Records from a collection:
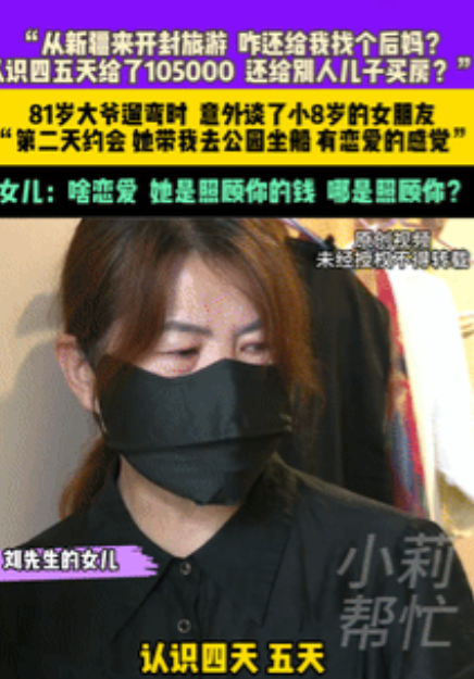“白嫖成功了?”一位81岁的新疆大爷,去开封旅游散心,岂料在遛弯时认识了一位73岁的女士,万万没想到,才四五天功夫,老爷子竟然一头扎进了“热恋”!更让人揪心的是,他转头就把攒了多年的105000元给了对方,还答应给人家儿子买房!女儿知道后急疯了,直喊:“啥恋爱 她是照顾你的钱 哪是照顾你?”
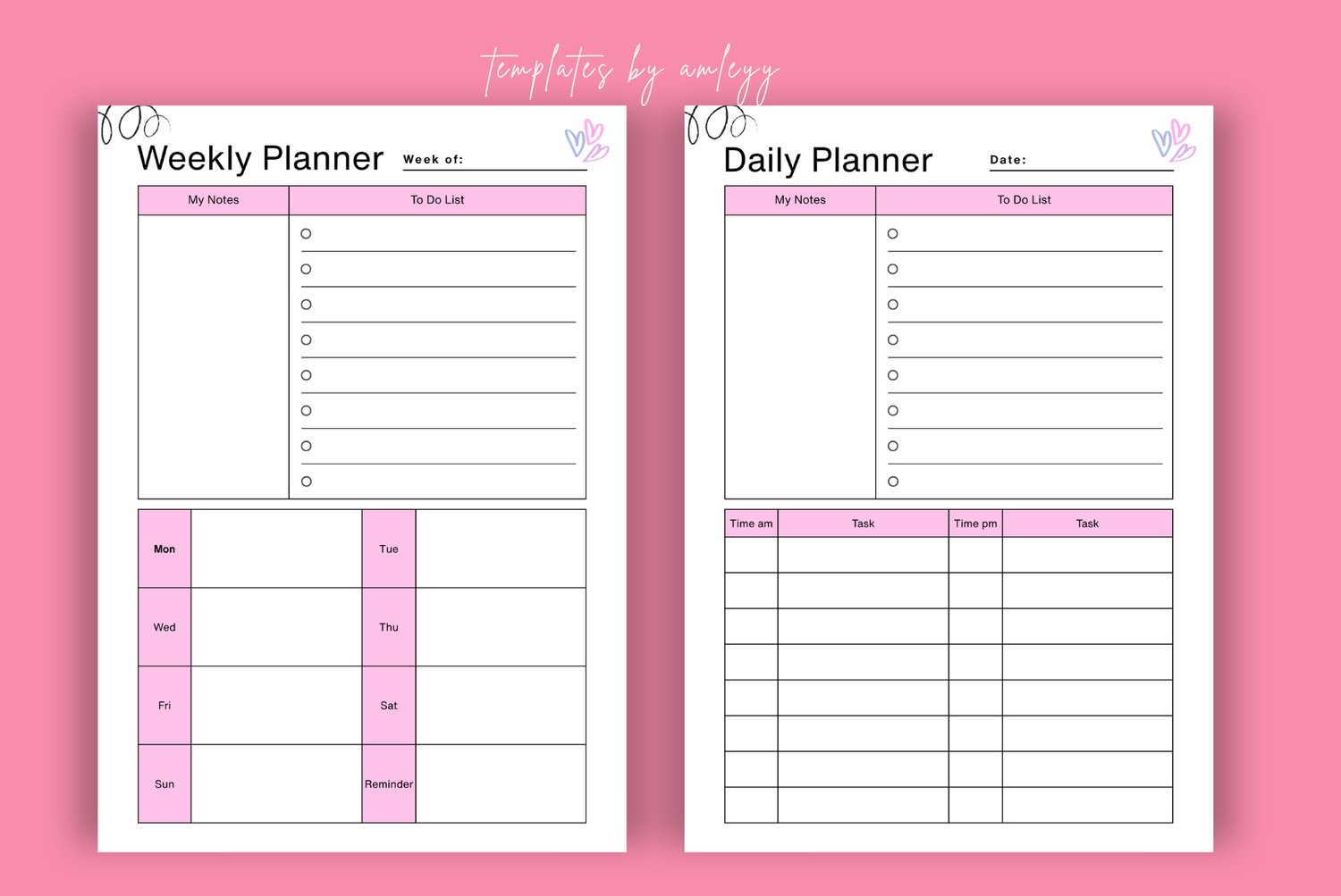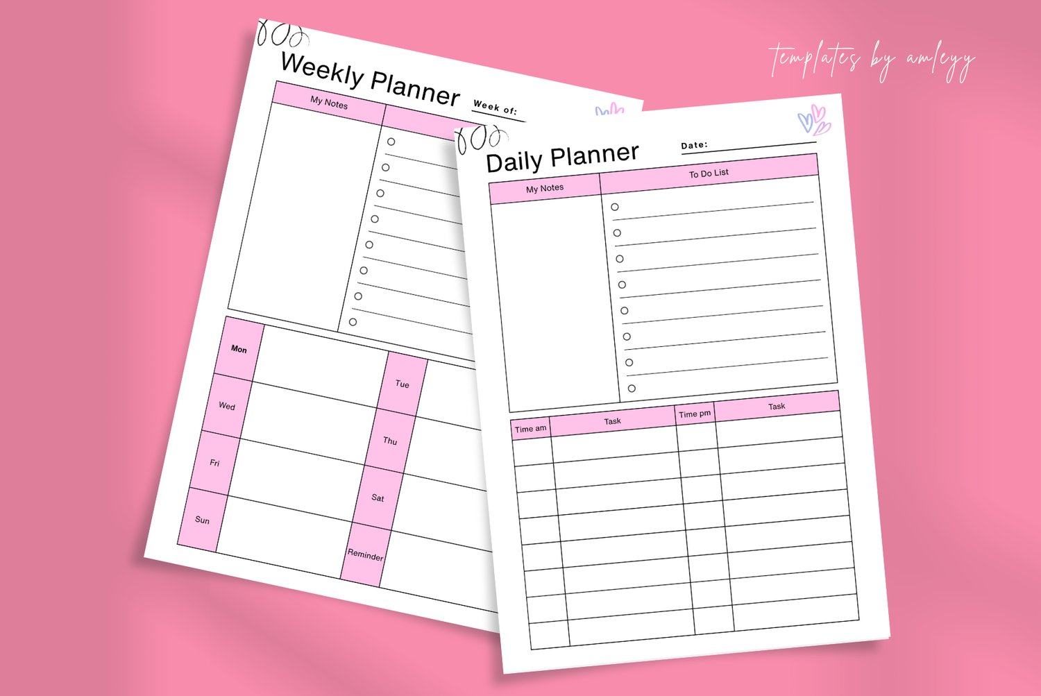 The Daily Planner includes sections for priorities, to-do lists, notes, and time blocking, while the Weekly Planner allows you to plan your week at a glance — perfect for scheduling tasks, meetings, and goals.
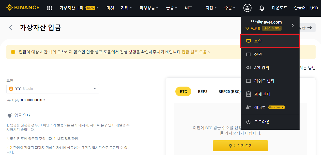 가입이 완료되면 위와 같은 화면이 나타나는데 우리는 국내 거래소에 보유 중인 코인(가상자산)을 바이낸스로 전송하여 거래를 시작해야 합니다.
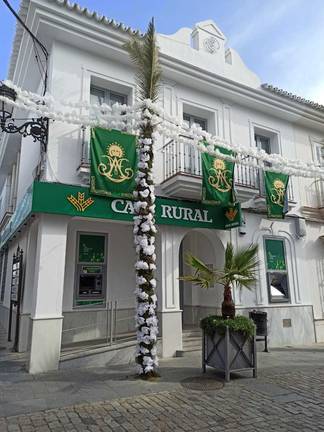 Caja Rural del Sur en Almonte se engalana ante la procesión extraordinaria de la Virgen del Rocío
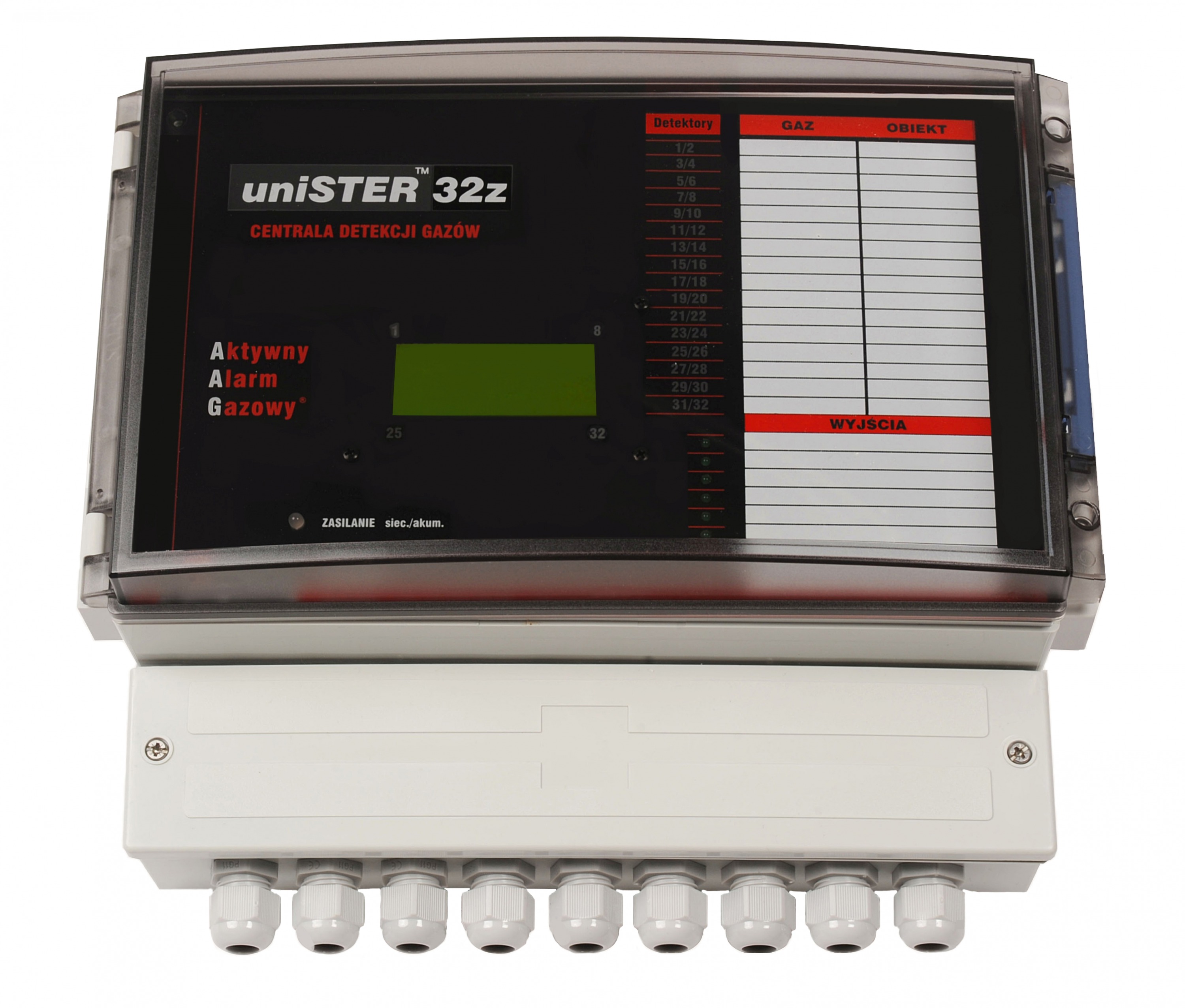 Centrala alarmowa „uniSTER32z/RS485 ” jest nowoczesną, mikroprocesorową jednostką centralną przeznaczoną do pracy w systemach wykrywania (detekcji) gazów wybuchowych i toksycznych. Jest elementem systemu Aktywny Alarm Gazowy służącego do aktywnej ochrony różnorodnych obiektów przed wybuchami gazów i oparów, umożliwiającego wykrywanie gazów, sygnalizacje i alarmowanie oraz sterowanie zaworami odcinającymi dopływ gazów. Centrala alarmowa „uniSTER32z/RS485 ” służy do współpracy (zasilania i kontroli) z detektorami o napięciu zasilania 12V, maksymalnym poborze prądu 250mA i wyjściu RS485 (protokół Modbus RTU).
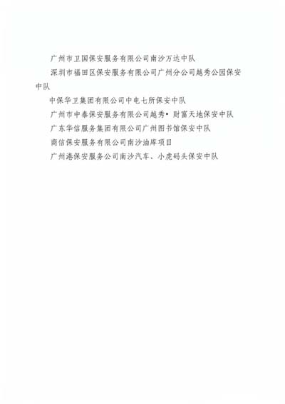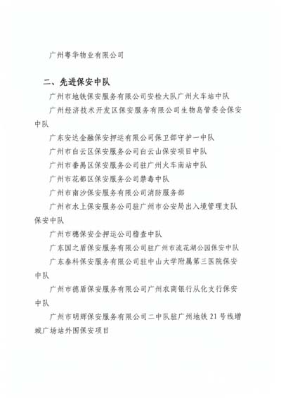 為掀起行業(yè)學先進、趕先進、爭先進的良好氛圍,推動我市保安服務行業(yè)健康發(fā)展,經過自評、初評、專家復核、會長辦公會審議后公示等評選程序,協會決定授予廣州市天河區(qū)保安服務公司等36個單位(含中隊)“
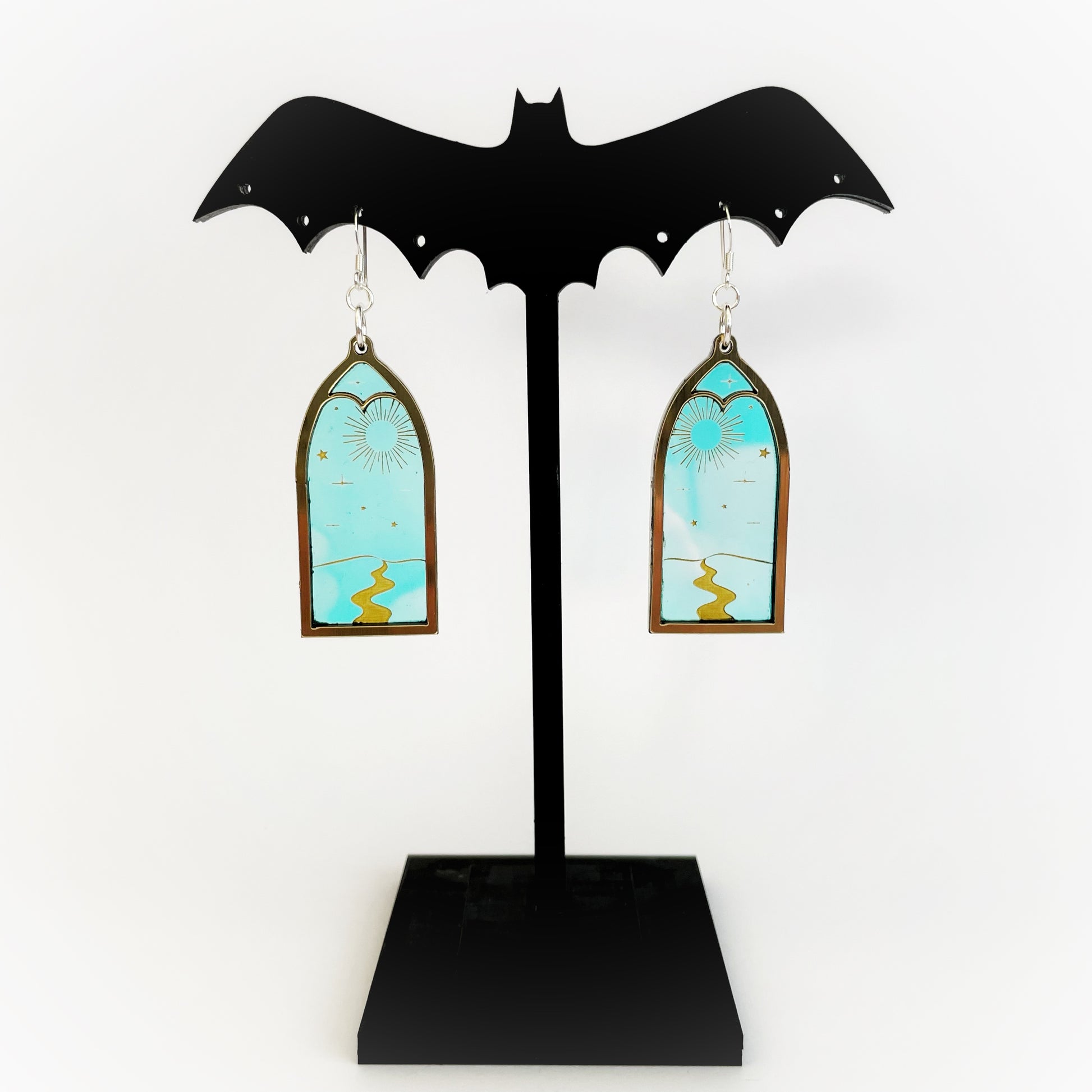 These beauties are an original design by the minds at "Apothecurius" and are made from Lasercut Iridescent and Brushed Gold 2-ply acrylic. The designs are laser engraved and infilled using gold acrylic paint.
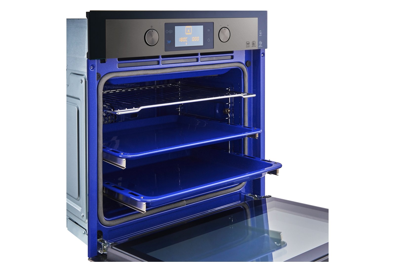 - одна телескопическая направляющая, вес 34 кг, линейный контроль температуры, приложение для смартфонов на Андроид «LG Smart Oven Global» (рецепты и cамодиагностика); глубокий противень, противень для выпечки
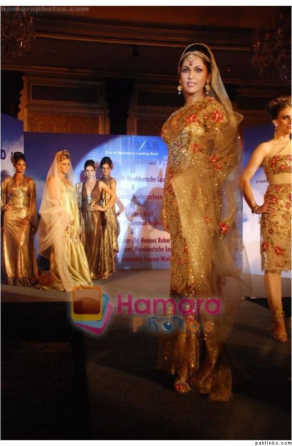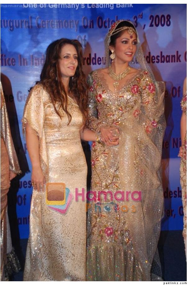 twinklewinkle, that is Isha Koppikar at Norddeutsche Lands Bank in a Fashion Show by Pria Kataria Puri in Taj Crystal Room. It is not by Faiza Samee but I thought the same when I looked at it for the first time. Infact most of her collection has similar kaam that gives out Fazia Sameeish vibes. Here are more pics:
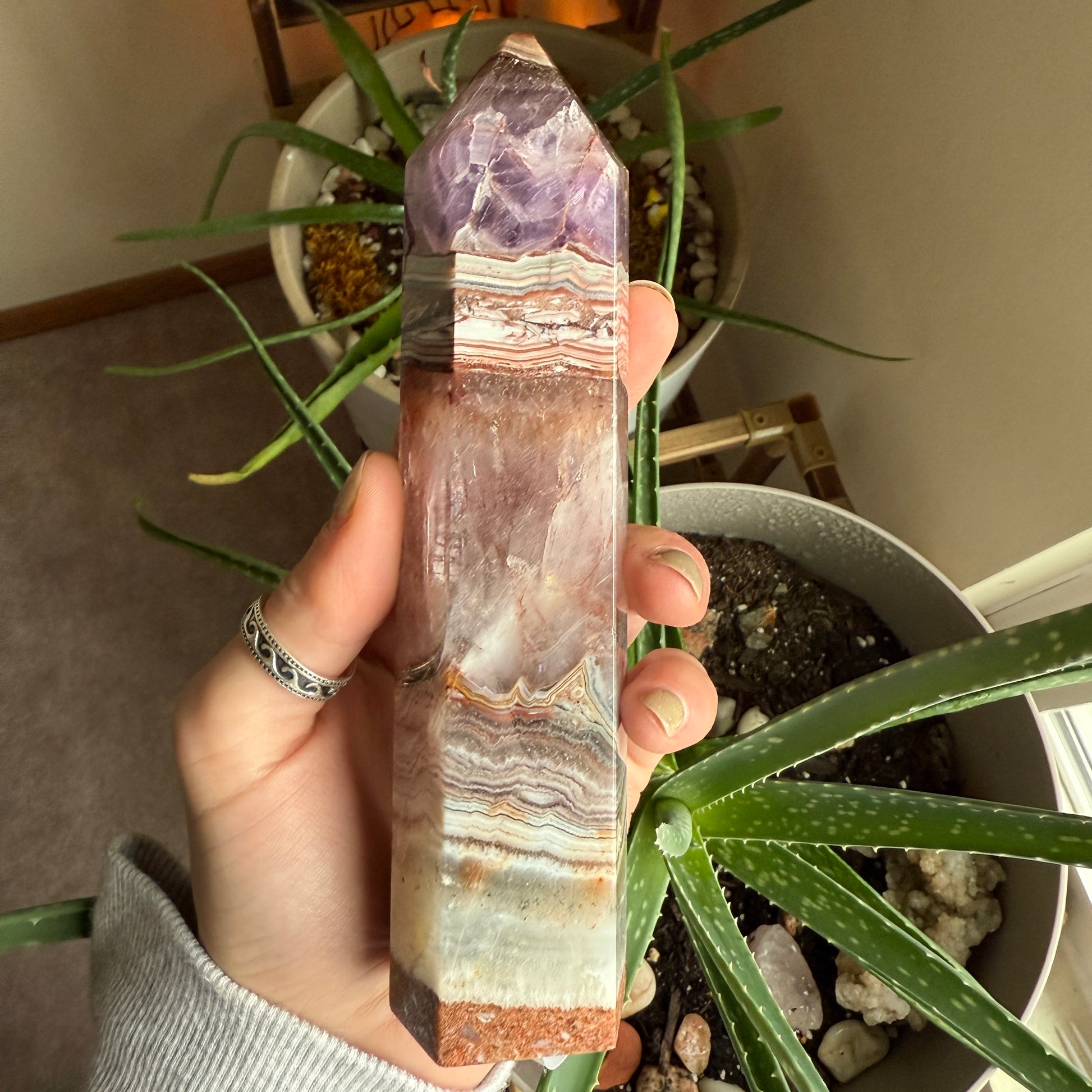 This rare find combines the calming energy of Amethyst, the grounding nature of Agate, and the amplifying power of Quartz into a stunning tower. Featuring intricate agate banding and a unique mix of pastel and earthy tones, this piece radiates serenity and balance, making it a perfect centerpiece for any crystal collection or sacred space.

◆ Exercise goal ◆
What you write out is the stretch of entries from the line containing "The Daily Planner" to the line containing "Caja Rural del", word for word, with both end lines and no pictures.

◆ Completed task ◆
 The Daily Planner includes sections for priorities, to-do lists, notes, and time blocking, while the Weekly Planner allows you to plan your week at a glance — perfect for scheduling tasks, meetings, and goals.
 가입이 완료되면 위와 같은 화면이 나타나는데 우리는 국내 거래소에 보유 중인 코인(가상자산)을 바이낸스로 전송하여 거래를 시작해야 합니다.
 Caja Rural del Sur en Almonte se engalana ante la procesión extraordinaria de la Virgen del Rocío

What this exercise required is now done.